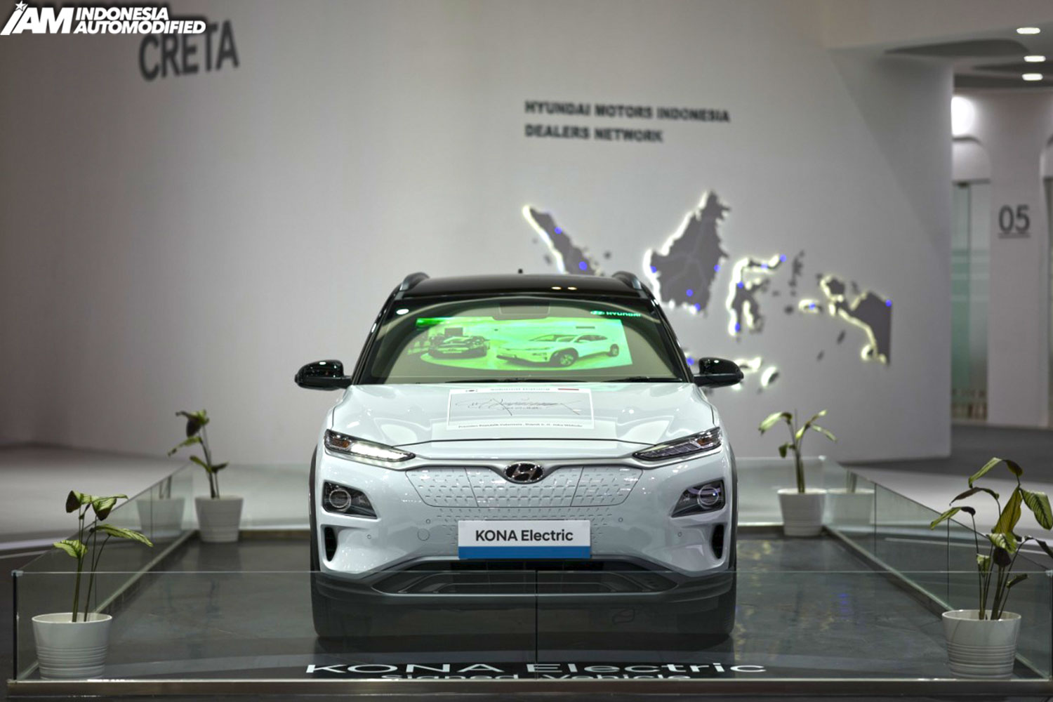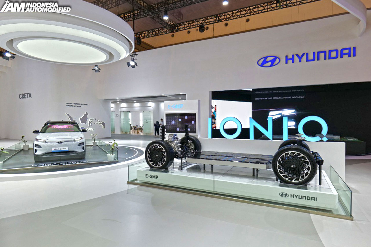 Hyundai juga memamerkan jajaran mobil listrik andalan yang memimpin pangsa pasar EV di Indonesia, KONA Electric dan IONIQ Electric; serta KONA Electric yang ditandatangani Presiden Republik Indonesia, Joko Widodo saat kunjungannya ke pabrik Hyundai, pada November 2019 lalu.
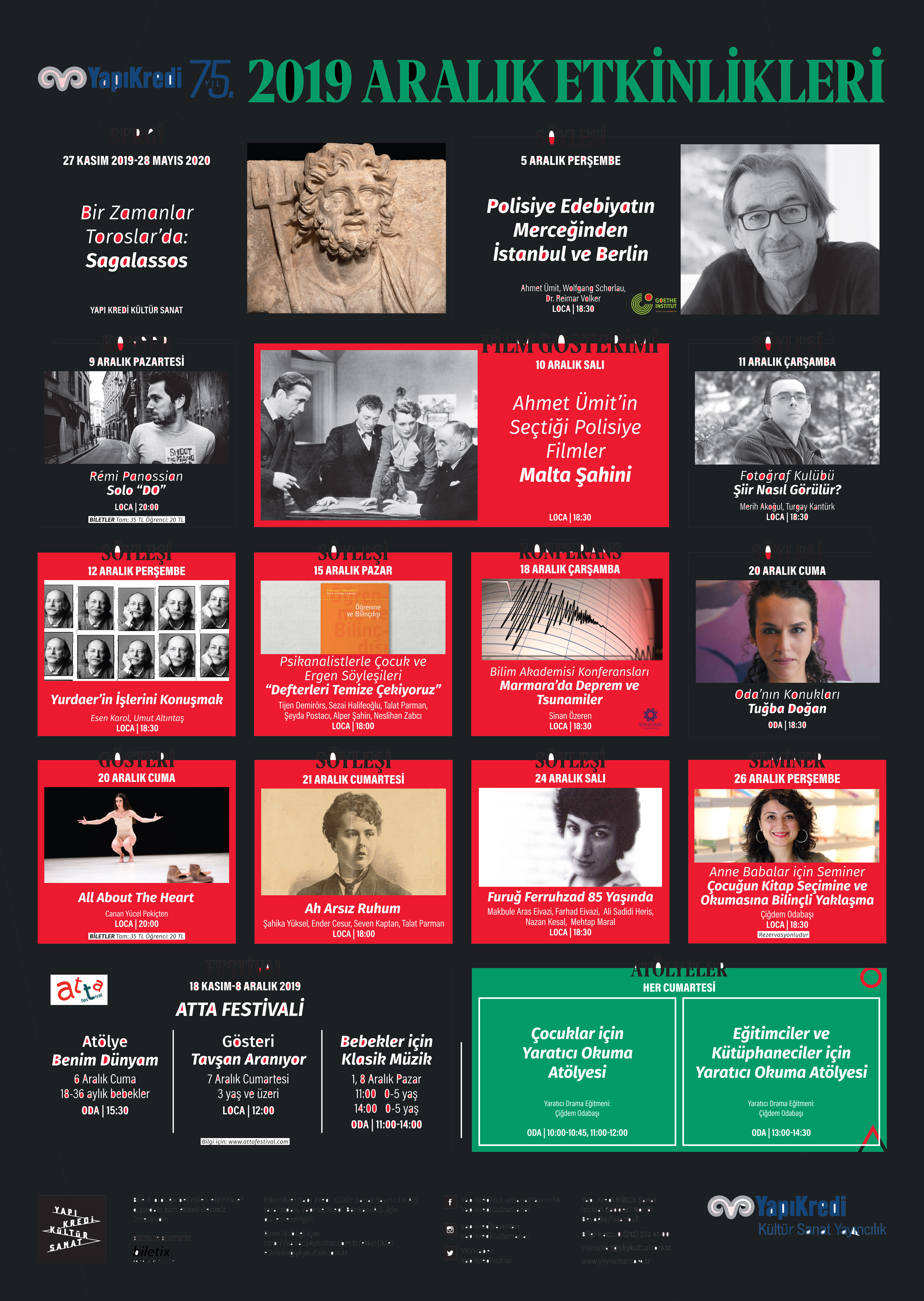 YKKSY’nin etkinlik programında 10 Aralık Salı günü “Yapı Kredi 75. Yıl Buluşmaları” kapsamında Ahmet Ümit’in seçtiği Malta Şahini filminin gösterimi ve 11 Aralık Çarşamba günü ise Fotoğraf Kulübü söyleşisi var. 12 Aralık Perşembe günü yapılacak söyleşide Yurdaer Altıntaş anılırken, 15 Aralık Pazar günü Öğrenme ve Bilinçdışı tartışılacak.
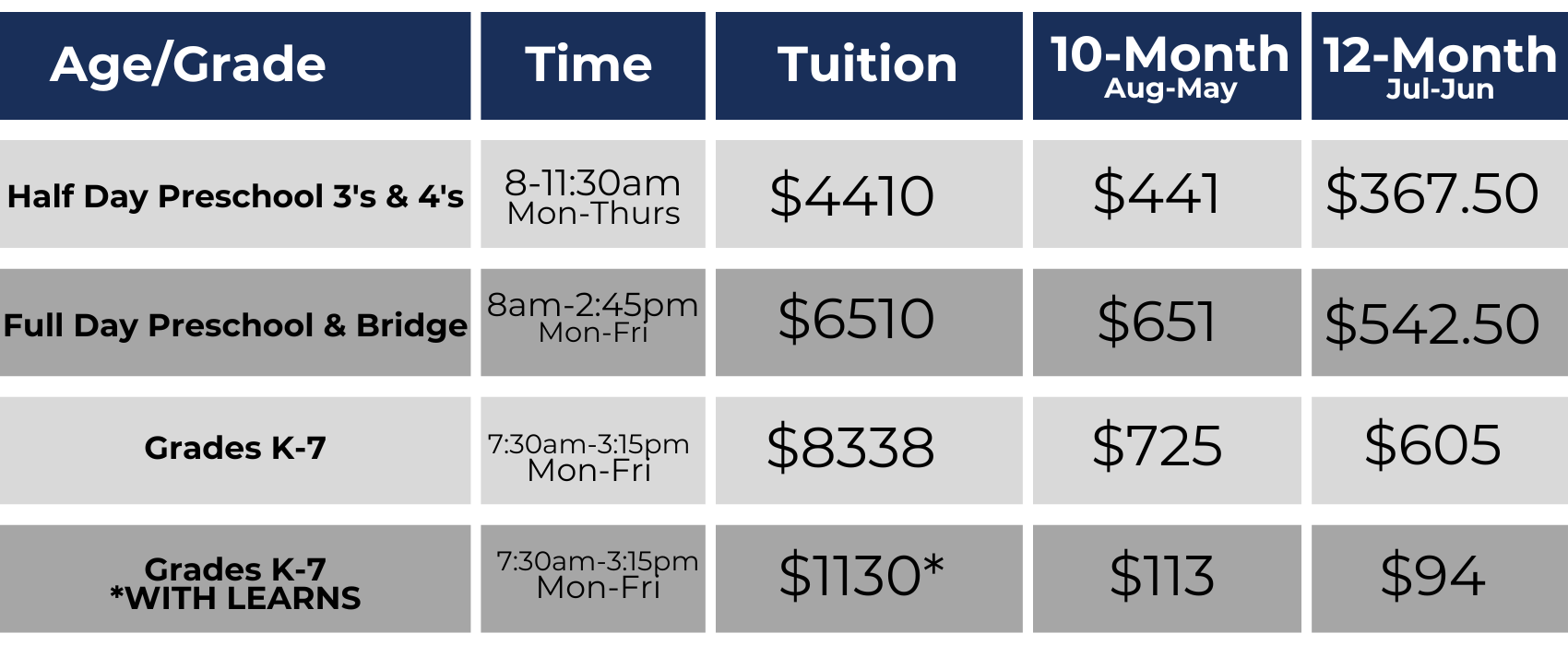 *2026-2027 Learns funding for K-7 = $7204 per child. This reduction in tuition is before any discounts are applied (church membership, multi-child).
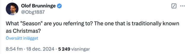 ´Militäralliansen Nato har publicerat en hälsning från Sverige inför julhögtiden men utan att nämna ordet jul. Istället kallas det för ”Seasons greetings” och det har väckt reaktioner.
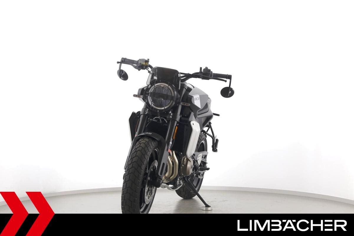 Eine Husqvarna Svartpilen 801 als Neufahrzeug u.a. mit Akrapovic-Endschalldämpfer und Ergo-Sitzbank.
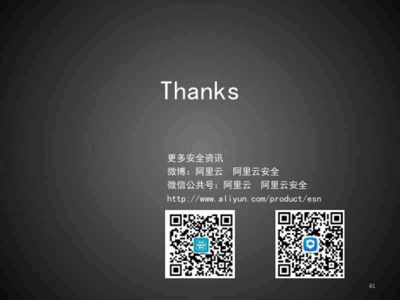 更多安全资讯 微博:阿里云 阿里云安全 微信公共号:阿里云 阿里云安全 http://www.aliyun.com/product/esn
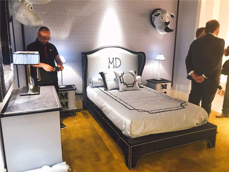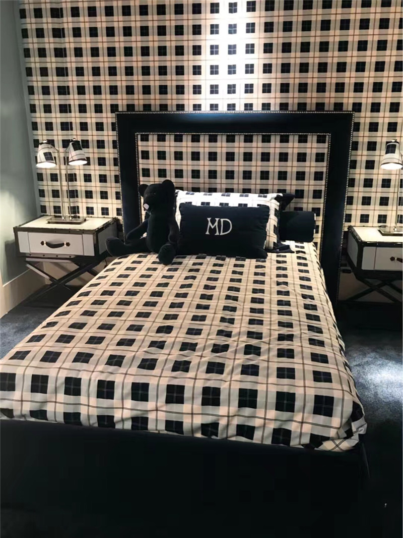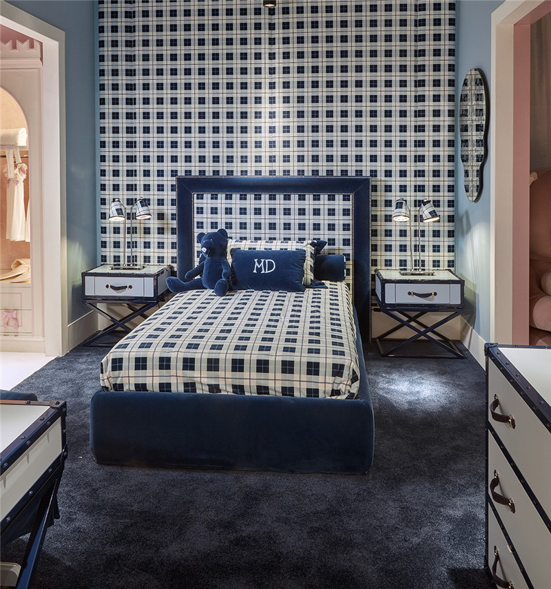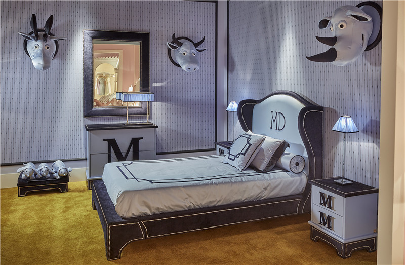 這是一款男孩子風格的臥室系列,黑白配色干凈簡單的同時,金絲線描邊使空間少了點單調,多了可愛,就連DOLFI兒童系列的標志(MD),都用頑皮的字體秀在了床頭。
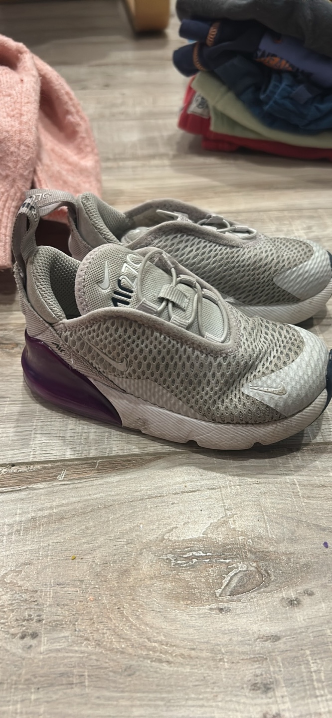 Pair of toddler Nike Air Max 270 shoes. Size 7.5. Grey and purple colourway. Gently used.
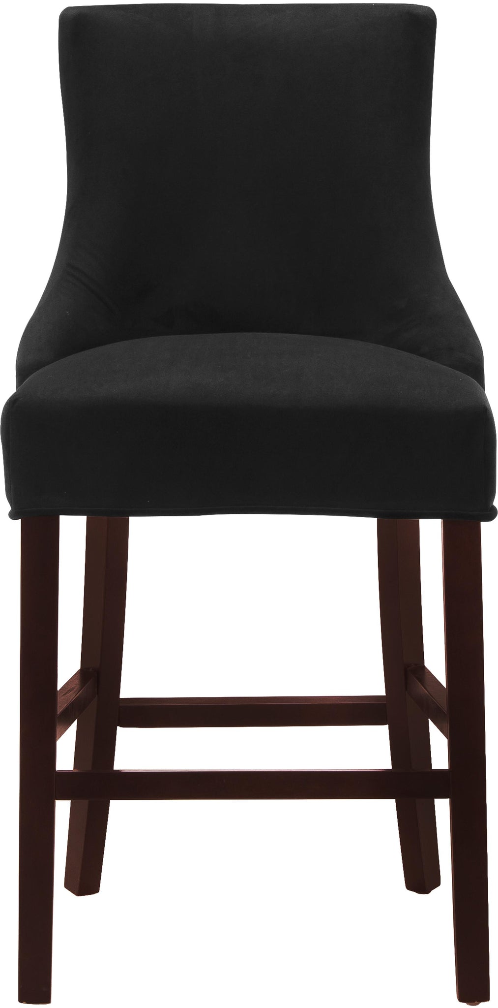 Add this Hannah Black Velvet Stool to your home bar or kitchen counter to seat guests comfortably and in chic fashion. The black velvet upholstery is thick and durable and has a slight sheen for a touch of glam. The back of the seat has deep button tufts for a posh look, while the front features smooth velvet upholstery for sleek comfort. The base is made from wood with an espresso finish and has a foot rail for extra support and comfort as you sit.
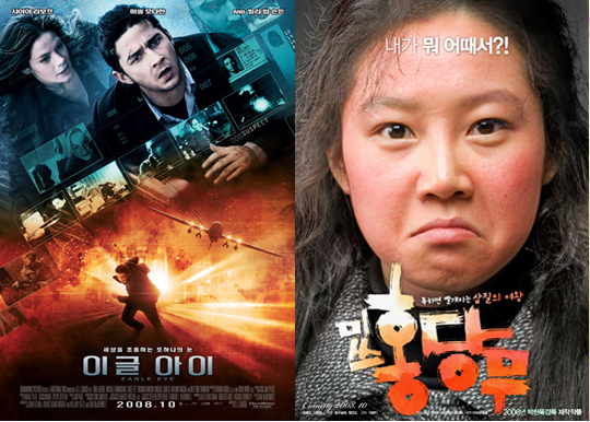 할리우드 영화 ‘이글아이’가 2주 연속 박스오피스 1위를 차지했으며 이번 주에 새로 개봉한 영화 ‘미쓰 홍당무’가 박스오피스 2위에 자리했다. 20일 오전 영화진흥위원회 영화관입장권 통합전산망의 집계에 따르면 9일 개봉한 영화 ‘이글 아이’는 43만 7173명의 관객을 동원하며 박스오피스 1위에 올랐다(440개 상영관). 누적 관객수 132만 6279명. 2위는 16일 개봉한 공효진 주연의 영화 ‘미쓰 홍당무’로 20만 1122명의 관객을 끌어 모았다(355개 상영관). 누적관객수 25만 3027명. 3위는 뮤지컬 영화 ‘맘마미아!’로 11만 7807명의 관객을 동원했다(289개 상영관). 누적관객수 404만 3329명. 4위는 ‘미쓰 홍당무’와 같은 날 개봉한 ‘공작부인: 세기의 스캔들’로 9만 6827명의 관객이 관람했다(243개 상영관). 누적관객수 11만 8044명. 5위는 ‘데스 레이스’로 6만 3972명을 끌어 모았다(179개 상영관). 누적 관객수 7만 4526명. crystal@osen.co.kr
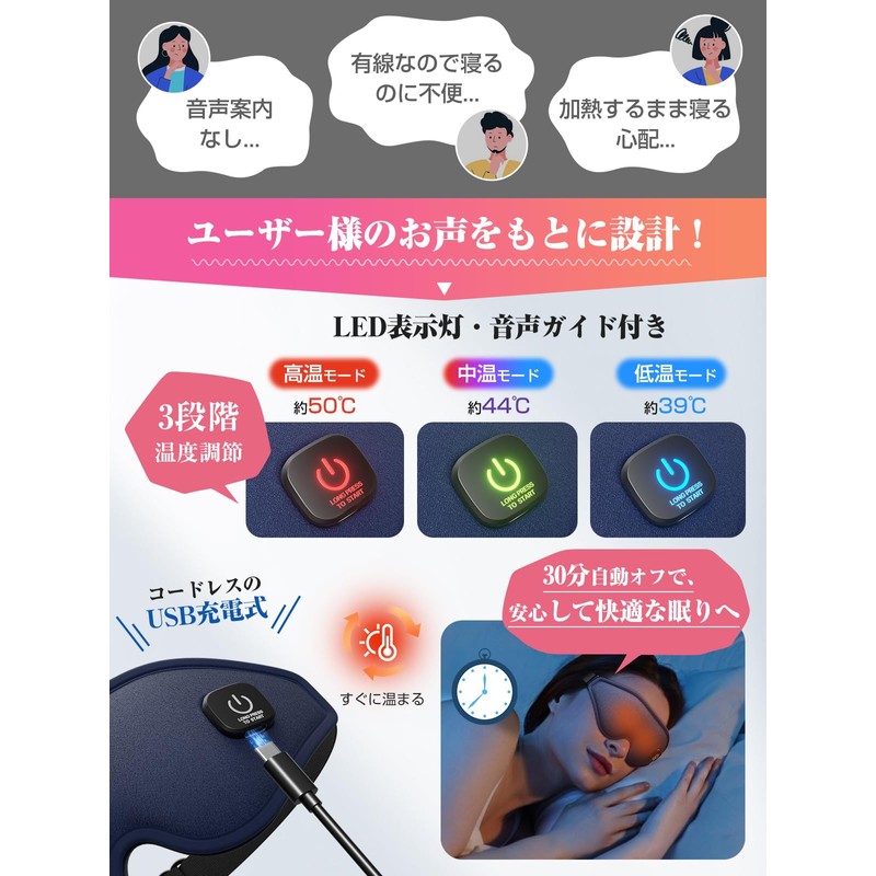 - Eye Mask: 2 adjustable modes of charging, "High Temperature", "Medium Temperature" and "Low Temperature". Auto-off timer automatically turns off after 30 minutes

○ ○ ○ ○

» About this task: Write the material out again exactly. Skip each picture.

» Written answer:
 Hyundai juga memamerkan jajaran mobil listrik andalan yang memimpin pangsa pasar EV di Indonesia, KONA Electric dan IONIQ Electric; serta KONA Electric yang ditandatangani Presiden Republik Indonesia, Joko Widodo saat kunjungannya ke pabrik Hyundai, pada November 2019 lalu.
 YKKSY’nin etkinlik programında 10 Aralık Salı günü “Yapı Kredi 75. Yıl Buluşmaları” kapsamında Ahmet Ümit’in seçtiği Malta Şahini filminin gösterimi ve 11 Aralık Çarşamba günü ise Fotoğraf Kulübü söyleşisi var. 12 Aralık Perşembe günü yapılacak söyleşide Yurdaer Altıntaş anılırken, 15 Aralık Pazar günü Öğrenme ve Bilinçdışı tartışılacak.
 *2026-2027 Learns funding for K-7 = $7204 per child. This reduction in tuition is before any discounts are applied (church membership, multi-child).
 ´Militäralliansen Nato har publicerat en hälsning från Sverige inför julhögtiden men utan att nämna ordet jul. Istället kallas det för ”Seasons greetings” och det har väckt reaktioner.
 Eine Husqvarna Svartpilen 801 als Neufahrzeug u.a. mit Akrapovic-Endschalldämpfer und Ergo-Sitzbank.
 更多安全资讯 微博:阿里云 阿里云安全 微信公共号:阿里云 阿里云安全 http://www.aliyun.com/product/esn
 這是一款男孩子風格的臥室系列,黑白配色干凈簡單的同時,金絲線描邊使空間少了點單調,多了可愛,就連DOLFI兒童系列的標志(MD),都用頑皮的字體秀在了床頭。
 Pair of toddler Nike Air Max 270 shoes. Size 7.5. Grey and purple colourway. Gently used.
 Add this Hannah Black Velvet Stool to your home bar or kitchen counter to seat guests comfortably and in chic fashion. The black velvet upholstery is thick and durable and has a slight sheen for a touch of glam. The back of the seat has deep button tufts for a posh look, while the front features smooth velvet upholstery for sleek comfort. The base is made from wood with an espresso finish and has a foot rail for extra support and comfort as you sit.
 할리우드 영화 ‘이글아이’가 2주 연속 박스오피스 1위를 차지했으며 이번 주에 새로 개봉한 영화 ‘미쓰 홍당무’가 박스오피스 2위에 자리했다. 20일 오전 영화진흥위원회 영화관입장권 통합전산망의 집계에 따르면 9일 개봉한 영화 ‘이글 아이’는 43만 7173명의 관객을 동원하며 박스오피스 1위에 올랐다(440개 상영관). 누적 관객수 132만 6279명. 2위는 16일 개봉한 공효진 주연의 영화 ‘미쓰 홍당무’로 20만 1122명의 관객을 끌어 모았다(355개 상영관). 누적관객수 25만 3027명. 3위는 뮤지컬 영화 ‘맘마미아!’로 11만 7807명의 관객을 동원했다(289개 상영관). 누적관객수 404만 3329명. 4위는 ‘미쓰 홍당무’와 같은 날 개봉한 ‘공작부인: 세기의 스캔들’로 9만 6827명의 관객이 관람했다(243개 상영관). 누적관객수 11만 8044명. 5위는 ‘데스 레이스’로 6만 3972명을 끌어 모았다(179개 상영관). 누적 관객수 7만 4526명. crystal@osen.co.kr
 - Eye Mask: 2 adjustable modes of charging, "High Temperature", "Medium Temperature" and "Low Temperature". Auto-off timer automatically turns off after 30 minutes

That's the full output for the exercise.